たくさんの人が舞台にあがり、背後には、合唱指揮者からたくさんの裏方さん。


 大変だったでしょう。


 4月30日に、再演されたようです。


 やましんは、テレビと、FMで、鑑賞し、感激したのです。


 ドイツ文学者の小塩節先生の解説が、また、素晴らしく分かりやすく、感激。


 小塩先生は、現在、90歳になられたようですが、当時から、テレビでも、ドイツ語の先生として、たいへん、有名でした。


 独特の語り回しが良く、ファンは沢山いたんだと思います。


 やましんにとっては、ある意味、幸福な出会いだったのです。


 しかし、この当時は、レコードと言っても、おそらく、ベンジャミン・ブリテンさま指揮によるものしかなかったのではないかと。(念のために、申し上げますが、CDなんて、まだない時代ですから。)


 で、このとき、FMで放送されたものは、カセットテープで、録音はしたのですが、貧乏学生で、良い機械を持ってるわけもなく、120分テープでもあり、いま、再生するのは、ちょっと恐いです。


 最後のところが、切れるか、入るか、ぞくぞくしながら、ラジカセとにらめっこしたように思います。


 ほんと、ぎりぎり、入りました。


 ときに、サヴァリッシュさまは、一番最後のところ、つまり、『神秘なる合唱』を、第1ヴァージョンを使っていました。


 シューマン先生は、もうひとつ、別バージョンを作っていて、録音される場合は、そちらのほうが、良く使われるようです。


 起伏が大きく、演奏効果があがるからでしょうか。


 しかし、やましんは、サヴァリッシュ先生の演奏したヴァージョンが、好きです。


 そもそも、シューマン先生は、作曲にあたって、この一番最後から書き始めたようです。


 実際に、ここが、核心であることは、間違いないですね。


 この、一種のオラトリオみたいな作品は、その価値の高さに比べて、欧米では人気があるのに、どうも、日本では、あまり、人気がないらしいです。


 と言っても、ゲーテの『ファウスト』がテキストですから、宗教音楽ではないし、文学好きの日本人が、なぜ、今一つ乗らないのかは、良く分かりませんが、ステージに載せるのは、あまりに大変なうえ、かなり、長いせいもあるかも。


 しかし、この音楽の美しさは、極めつけであります。


 最初から、最後に至るまで、名旋律の宝庫であります。


 これを、ほっておいては、ダメです。


 ここ、10年ばかり、新譜がかなり、出ました。


 アバドさま指揮、ベルリン・フィルによる録音が出たさいは、飛び上がって買いに走りました。


 しかし、第1ヴァージョンによるラストを演奏した録音は、なかなか、現れません。


 古いライヴでは、あるのですが。


 そこに、ようやく出てきたのが、ヘルヴェッヘさま指揮によるCDでありました。
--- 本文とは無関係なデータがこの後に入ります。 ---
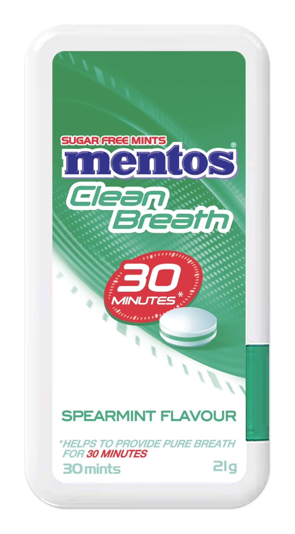 Mentos Clean Breath Sugar Free Mints, Spearmint (12 x 21g)
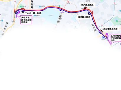 周五至周日23时至次日6时主线封闭,车辆需从中山北二路下匝道驶离高架主线,前方中山北一路上匝道、黄兴路上匝道关闭。

(ハルモニア・ムンディ  HMC901661.62)


 ヘルヴェッヘ先生は、サヴァリッシュ先生よりも、いくらか、遅いテンポで『神秘なる合唱』を進めます。


 やましん思いますに、シューマン先生の音楽は、この、『神秘なる合唱』に至る前に、第1ヴァージョンによるラストを、暗示させるモティーフを出現させています。


 なので、改訂バージョンの『神秘なる合唱』には、それが、生かされないように思います。


 そこが、かなり、気になります。 


 それでも、別バージョンをシューマン先生がわざわざ書いたわけですから、これも、無視はできません。
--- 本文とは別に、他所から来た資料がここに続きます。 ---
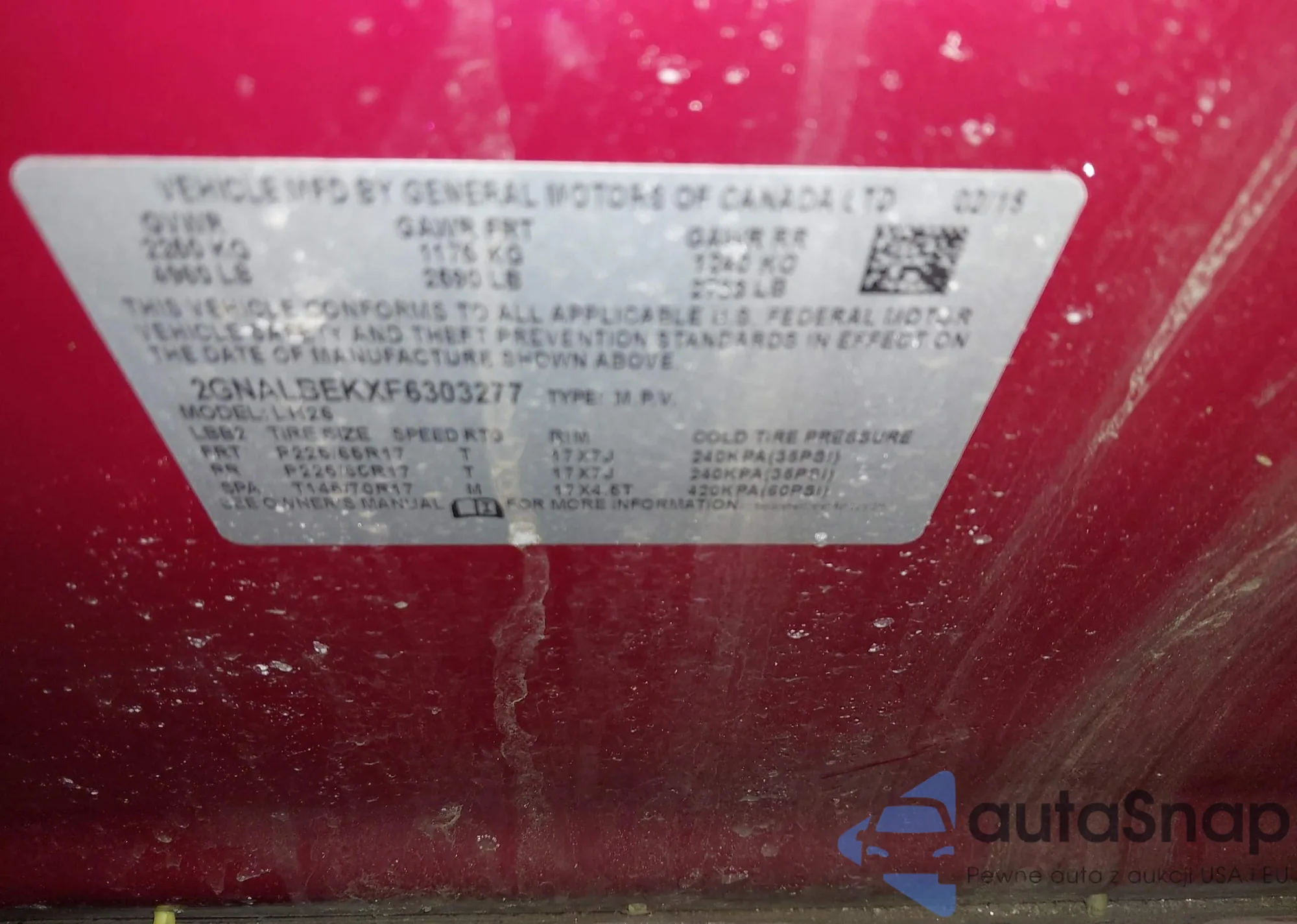 Автомобиль Chevrolet Equinox 2015 (VIN 2GNALBEKXF6303277) ранее не участвовал в торгах. Документы чистые, пробег соответствует или ниже среднего по рынку. Продаётся страховой компанией — рекомендуем покупку. Доставка в порт займет около 6–8 недель.

 やましんが、勝手に思いますのに、新録音では、両バージョンを入れるべきだということです。


 なお、やましん、ベルンハルト・クレーさまの録音も、好きです。


 この、LPを手に入れたいと、各地探し回った頃がありました。


 さて、シューマン先生は、1842年あたりから、この作品を書き始め、途中、メンタルの不調にも悩みながら、苦労に苦労を重ねて、1853年、最後に序曲を書いて、ついに完成させました。


 1854年、シューマン先生は、ライン川に身を投じます。


 助かりはしましたが、もはや、音楽活動を再開させることはなく、1856年に亡くなります。


 直接の死因についてなどは、個人情報であることから、長く非公開でしたが、20世紀の終わりになって、カルテが公開されたようです。


 それについては、『うつうつ』が追及することではないでしょう。


 ときに、この『神秘なる合唱』は、マーラー先生が、『交響曲第8番』(千人の交響曲)で、後半部にテキストとして使っておりまして、これは、マーラー先生にしても、非常に重要なテーマだったようです。




 すべて、うつろうものは、比喩である。


 たらわざるものが、満たされ、


 名状しがたきものが成し遂げられた。


 永遠の女性が、我らを、高みに導く。

 


 この、最後の一節が、何をいみするのか、偉い方々が、さまざま、考え抜いてきたのだと思います。


 やましんごときが、解明するとか、そうしたものではありません。


 ゲーテ先生は、名高い、プレイボーイでしたから、意外に素直な感想かもしれません。


 なにせ、人類最高の天才とうたわれるかたですから、素直な感想だって、やましんの感想とはルベルが違うでしょう。


 ゲーテ先生に、口説かれて、拒絶するかたは、あまり、なかったかも。


 シャルロッテ・ブッフさまと、婚約者のケストナーさまは、ゲーテ先生からの猛アタックに、どう対応するか、相当悩んだらしいです。


 結局、ゲーテ先生の知人さまが、まずい!


 と、考えた末、ゲーテ先生をイタリアに連れ出し、その隙に、おふたりは、結婚なさったようです。(で、『若きウェルテルの悩み』が出来た。)


 二枚目で、世界最高の天才で、お金持ちで

、さらに、政府のトップに座る権力者でもあり、頭脳明晰、文学から、科学、医学、なんでも万能、だったかたです。(ただ、音楽の趣味は、モーツァルトさんあたりが好きで、ちょっと古かったようです。)


 粗雑には、扱えない方ですから。


 比べる対象として、良く、出てくるのは、ベートーベン先生であります。


 ベートーベンさんは、残念ながら、結婚は出来ずじまいに、なりました。


 ゲーテ先生には、ちゃんと、奥さまもいらっしゃいましたし、結婚は、1度しかしてないようですが、奥さまは、さっぱり、話題になりません。おきのどくです。


 良いではないですか。


 やましんと、ゲーテ先生と比較しようなんていうことは、ま、起こらないですからね。




 さて、はるばる、800回となりましたが、ぼちぼち、先に参ります。


 『うつうつ』は、やましんの、哀しい巡礼なのです。